Quel bilan des tueries ?

Les institutions de la transition se mettent en place à Kinshasa, mais l’instabilité militaire dans la région de l’Ituri contrarie le bon déroulement du processus. La situation paraît suffisamment inquiétante pour que tous les acteurs de la vie politique au Congo entérinent la création de commissions ad hoc chargées de faire la lumière sur les massacres inter-ethniques du début du mois dans le nord-est du pays.
Les affrontements du début du mois entre les communautés Lendu et Héma auraient fait environ 350 morts, un millier selon certaines sources.
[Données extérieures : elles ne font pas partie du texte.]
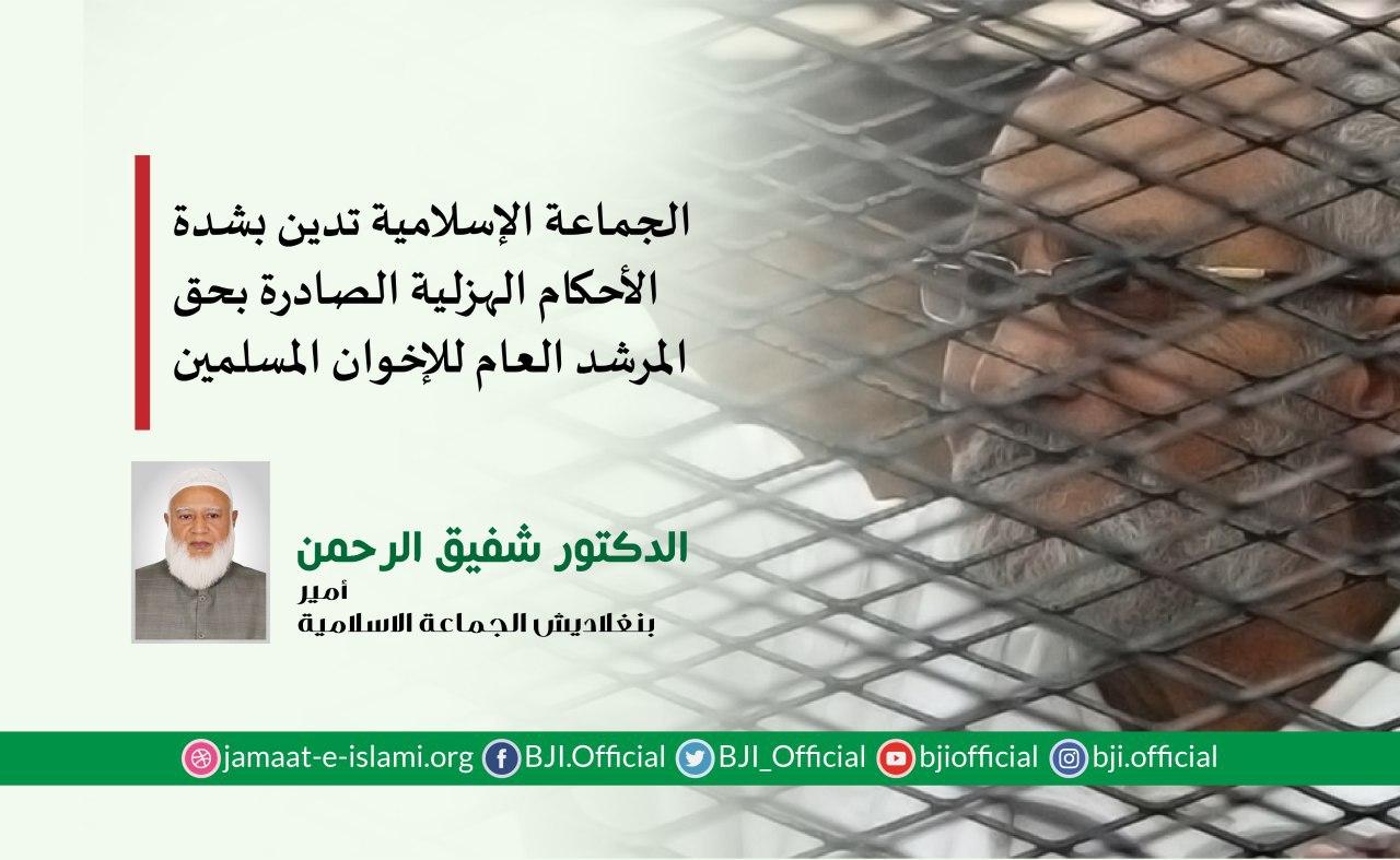 الجماعة الإسلامية تدين بشدة الأحكام الهزلية الصادرة بحق المرشد العام للإخوان المسلمين

La communauté Héma, principale victime des massacres accuse la communauté Lendu d’avoir planifié et organisé les tueries à Drodro le 3 avril dernier. Les victimes accusent leurs rivaux Lendu, d’avoir reçu l’appui des l’armée rwandaise et de la rébellion du RCD-Goma (Rassemblement congolais pour la démocratie). L’Armée patriotique rwandaise dément ces allégations et prétend ne plus entretenir de troupes en République démocratique du Congo. Le RCD-Goma rejette aussi toute implication dans ces événements. Face à la gravité de la situation le HCR (Haut commissariat aux réfugiés des Nations unies) dépêche sur place une mission d’enquête.
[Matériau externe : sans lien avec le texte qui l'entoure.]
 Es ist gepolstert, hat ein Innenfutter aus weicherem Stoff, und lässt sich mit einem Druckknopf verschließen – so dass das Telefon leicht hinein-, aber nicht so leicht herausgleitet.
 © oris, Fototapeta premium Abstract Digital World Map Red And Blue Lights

Composée de quinze personnes, cette mission est présente sur le terrain depuis le 15 avril. Elle procèdera aux investigations de rigueur, essentiellement l’ouverture des fosses communes pour un décompte des victimes et l’examen des corps qui permet de préciser les armes utilisées par les assaillants. Les experts obtiennent aussi par cette opération de bonnes indications sur les origines des armes sur les groupes armés censés les détenir. La mission composée des membres du bureau du Haut commissariat aux droits de l’homme de Kinshasa et de la Monuc (Mission des Nations unies au Congo), reviendra à Kinshasa le 23 avril pour établir et préparer les résultats de l’enquête à rendre public. «Les auteurs de ces exactions atroces seront placés sous les feux des projecteurs et devront répondre de leurs actes. Ils pourront aussi éventuellement faire l’objet de poursuites devant la Cour pénale internationale», précise Sergio Vieira de Mello, le Haut commissaire de l’ONU aux droits de l’homme.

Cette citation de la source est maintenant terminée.